The shut door of Year 2003, else I would have been a mess
I slid through the Rabbit hole and found myself in a fantasy world called THEATRE. I thought I was born to Marlon Brando (err… you get the point, right?) I had a piece of paper on the wall next to my bed, it read “5 Oscars for acting”. Every night I’d sleep thinking of those naked gold painted guys. And I was 20 and I thought that my ticket to LA would be through theatre, and that too theatre with a Bangalore based company called THE SCRIPT. I did learn a lot of my basic lessons in theatres arts with them, but what I imbibed was the BUSINESS ANGLE to the Arts. I completely owe it to them for making my young hyper mind understand that business in arts is VERY VERY important. I owe that I will give up Oscars but never give up working with this team. It just took 10 months of collaborative work, where I figured that our paths were different and an incident made me feel INSULTED. And I walked away from them, rather shut that door on myself.
That was the most difficult time of my life. I was 20, I had quit college and I quit the people who I thought were my role models. I remember going back home n crying, bcoz I thought I was a loser, I couldn’t even run back to college. But thanks to my dad, though I really was a loser at that point and any parent would use that as an opportunity to prove the child wrong, but not my dad, instead he appreciated the fact that at 20 I had the courage to walk away from the people who insulted me, he said never lose that instinct. If you are not valued, then don’t stay there. It is that little piece of advice that made me enjoy the doors that were shut on me. (Even when it came to Girl friends )
The shut door of Year 2004, else I’d be a struggling ‘ever-waiting’ actor
I ran to Mumbai to hide. Bangalore, family and friends constantly appeared like they were laughing at me. Only later I realized that all were busy with their lives and no was even looking at me. Anyway, so I ran to mumbai to live the Oscar dream. My plan was very simple, I had a kickass one man play, I’d perform that a couple of times, Spielberg would be around, he’d see me and have tears, and then I’d find myself discussing a script with my co actor – Tom Hanks. It really was that simple in my head.

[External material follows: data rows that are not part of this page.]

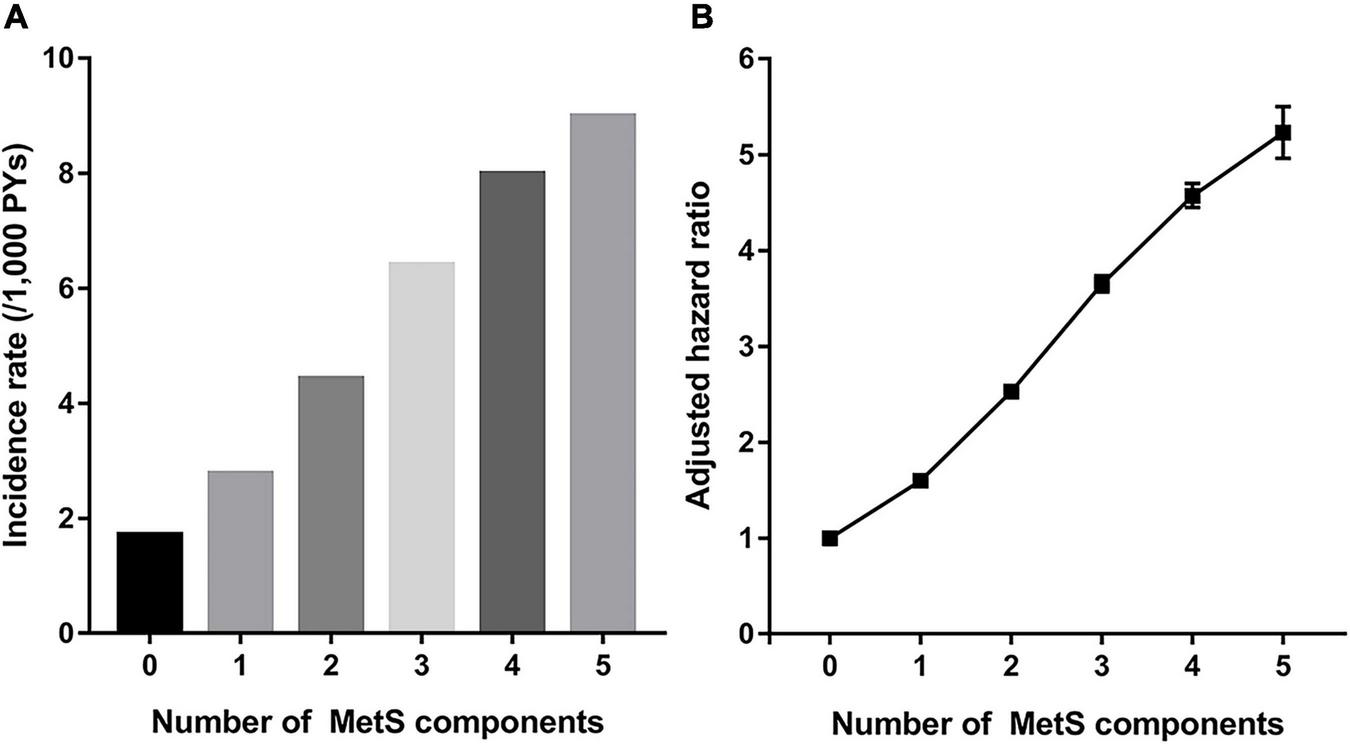 The mean follow-up duration was 7.4 ± 1.2 years. During the study period, 88,058 men were newly diagnosed with gout, and the incidence rate of gout was 3.36 per 1,000 PYs. The mean time to diagnosis of gout was 5.5 ± 2.2 years, and the mean age at gout diagnosis was 37.9 ± 5.0 years. MetS was associated with a more than doubled risk of gout [adjusted HR (aHR) 2.44, 95% CI 2.41–2.48; Table 2]. Among the components of MetS, abdominal obesity had the greatest association with gout (aHR 2.45, 95% CI 2.42–2.49), followed by elevated TG (aHR 2.29, 95% CI 2.26–2.32). The cumulative incidence of gout according to baseline MetS status is presented in Figure 2.
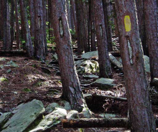 goes through some woods, across a ski trail, then on up to the top of Mt.
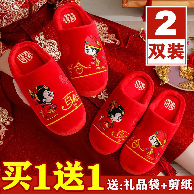 겨울 웨딩 슬리퍼 신부와 신랑 아침 가운 축제 웨딩 커플 웨딩 슈즈 홈 면 슬리퍼 유캉의 빨간 쌍
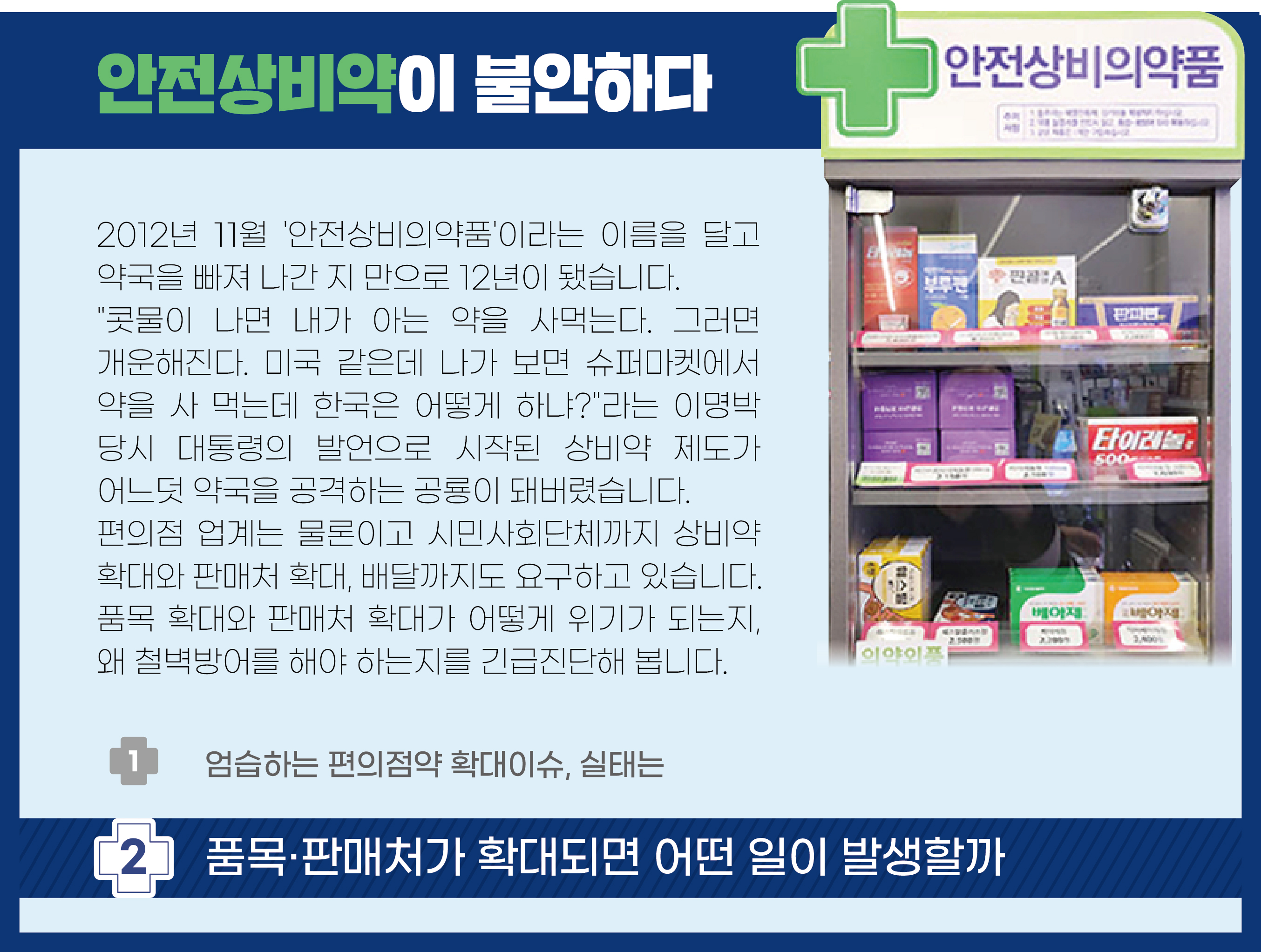 [4] 데일리팜 - [데일리팜] 안전상비약 판매자 등록기준 완화?...국민의견 수렴 (https://www.dailypharm.com/News/321468)

I spent a year in a friend’s place – eating curd rice. I guess I performed that one man play about 2 times and many people thought I sucked! I went for auditions and they were all disasters. I kind of depended a couple of times on my (then) GF’s money to live. Made my dad pay for my cellphone bills, which by the way were pretty huge (err 21 n a GF, well you can imagine the kind of money I have donated to Reliance through those bills!)
Mumbai doors were never opened for them to be shut on my face, I was sitting wasted by the shut door for a year, before I came back running to my house in Bangalore. But getting wasted is the biggest form of education, I pity those who have never gotten wasted for at least a year in their lives. The things you learn from those embarrassments, insecurities and rejections can never be taught by anyone or any institution. PERIOD.
The Shut door of Year 2005, else I’d be a very successful Theatre Entrepreneur
So I got back to Bangalore, I was 22 but I was a little tough now. I had fallen enough to not be sacred of falling. Whatever I did between 2004 – 2005 can be considered ‘MADNESS’. I stopped asking people to cast me or give me work, I said ‘F U’, I will create my own theatre, I will do my own plays. I don’t know how good or bad they were, but in a matter of a year, I had managed to create a small following for my theatre works. There was an audience who wanted to see my work. I believed in Rangashankara in 2004 when they were gearing up to open, I spent about three to four months trying to be of any little help I could be to make that space THE THEATRE HUB. It opened and it did become the HUB. And for some stupid reason I felt like it was my second home. I used to think only theatre. My idea was not to just do theatre but to make it a successful career, I wanted to create a good business structure for theatre artists to earn from it like everyone else earns from other jobs. I hated the fact that theatre was considered as a poor artists profession, I wanted to change that. I tried pretty hard, I used to come up with some new ways of marketing, I used to stand on MG Road and hand out fliers about my shows, no one used to market plays like that. But the luxury of Rangashankara got me lazy, I couldn’t do theatre in other spaces. One day all of a sudden they shut doors on me, things started changing so much in there, it was not the place which I thought it would be and for about 6 months I was denied of dates to perform. Eventually I got one day and I performed my last show in December 2005 and accepted the shut door. I felt so cheated and hurt back then (however a few years later I grew up, got mature, got disconnected, disassociated and figured that it was just a PRIVATE HUB after all).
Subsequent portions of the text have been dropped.